*Work instructions*. You are asked to repeat the listing word for word and to leave out its pictures.

*Data provided*.
_____

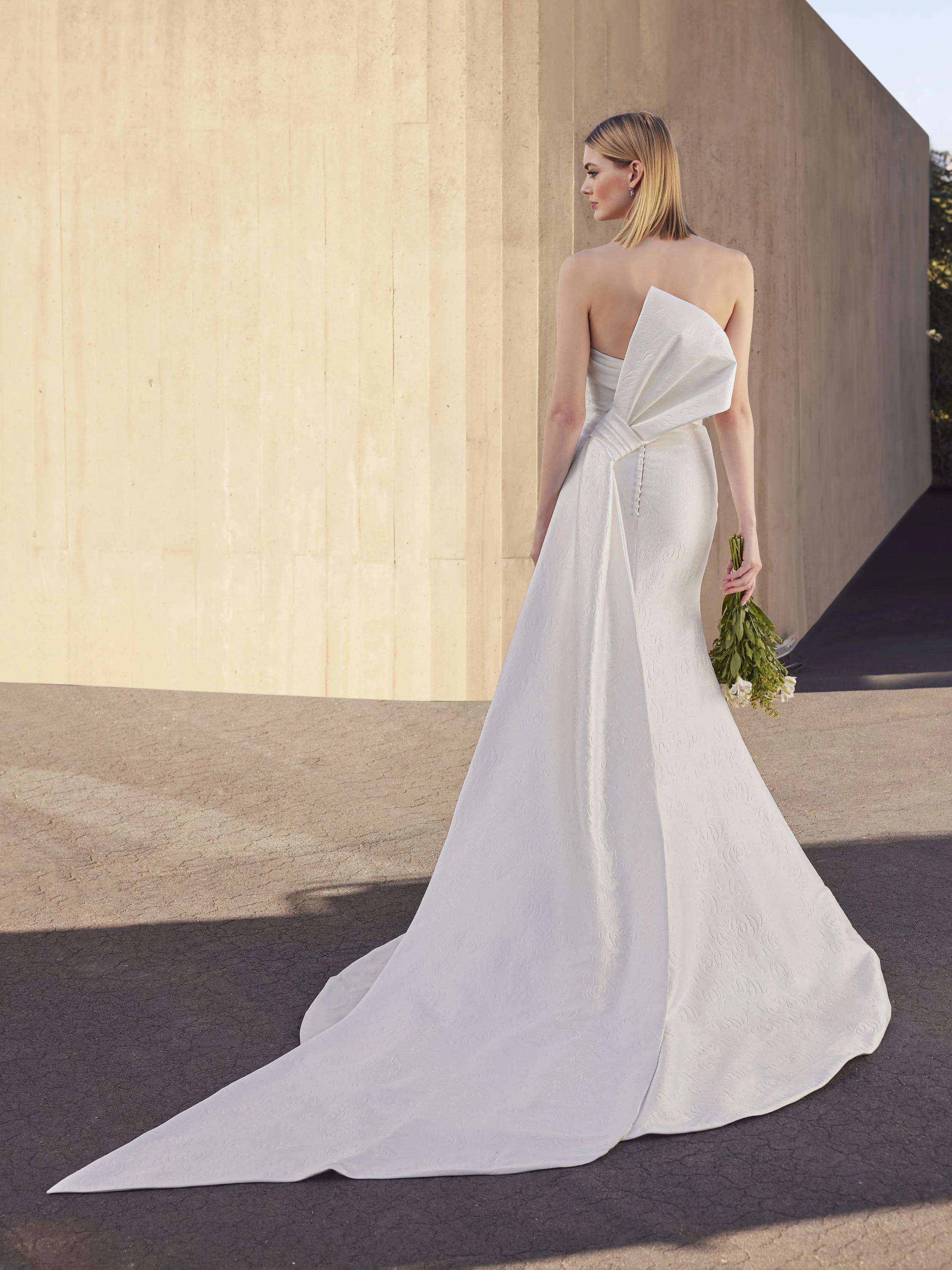 Big bow energy is back in the most bridal way. From refined back bows to sweet shoulder accents, this flirty trend offers a bold yet polished finish.
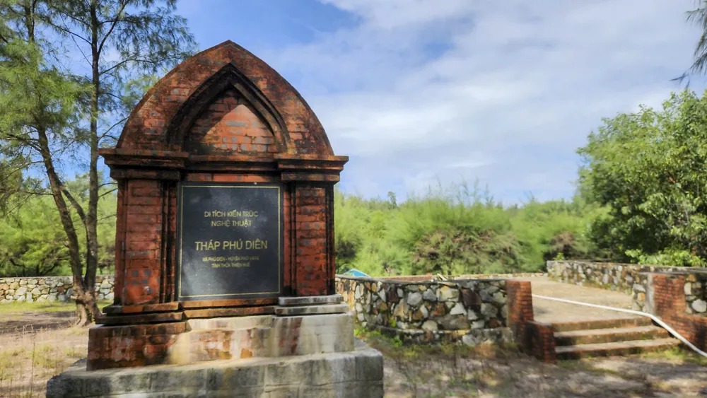 Tháp Phú Diên được phát hiện năm 2001 trong tình trạng nằm sâu trong cát, thấp hơn mực nước biển và cách mép nước biển hơn 100m. Vào tháng 12-2001, Tháp Chăm Phú Diên được Bộ Văn Hóa - Thông tin (nay là Bộ Văn hóa - Thể thao và Du lịch) xếp hàng là di tích Kiến trúc Nghệ thuật cấp Quốc gia. Ảnh: N.DO
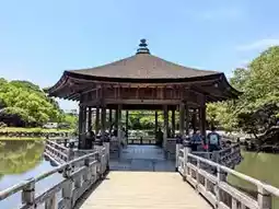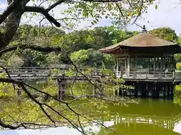 Ukimido is a stunning temple that appears to float on the water's surface. Every spring, when the cherry blossoms are in full bloom, it creates a picturesque scene reminiscent of a manga. Cherry blossom petals drift onto the water, forming an exquisite painting-like view. The atmosphere here is tranquil and serene, making it an ideal spot for a leisurely stroll to embrace the arrival of spring.
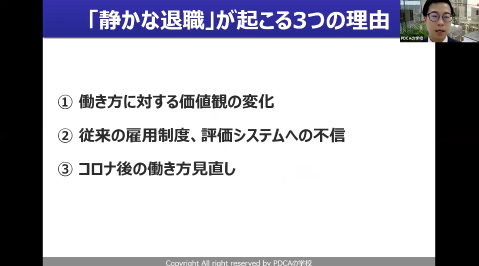 3つ目は、コロナ後にはけっこう自由とまでは言わないですけれども、テレワークとか自分なりの働き方が許容されやすい時代にもなってきましたので、そういったところも静かな退職の原因として挙げられるかと思います。

_____

*Solution to this problem*.
 Big bow energy is back in the most bridal way. From refined back bows to sweet shoulder accents, this flirty trend offers a bold yet polished finish.
 Tháp Phú Diên được phát hiện năm 2001 trong tình trạng nằm sâu trong cát, thấp hơn mực nước biển và cách mép nước biển hơn 100m. Vào tháng 12-2001, Tháp Chăm Phú Diên được Bộ Văn Hóa - Thông tin (nay là Bộ Văn hóa - Thể thao và Du lịch) xếp hàng là di tích Kiến trúc Nghệ thuật cấp Quốc gia. Ảnh: N.DO
 Ukimido is a stunning temple that appears to float on the water's surface. Every spring, when the cherry blossoms are in full bloom, it creates a picturesque scene reminiscent of a manga. Cherry blossom petals drift onto the water, forming an exquisite painting-like view. The atmosphere here is tranquil and serene, making it an ideal spot for a leisurely stroll to embrace the arrival of spring.
 3つ目は、コロナ後にはけっこう自由とまでは言わないですけれども、テレワークとか自分なりの働き方が許容されやすい時代にもなってきましたので、そういったところも静かな退職の原因として挙げられるかと思います。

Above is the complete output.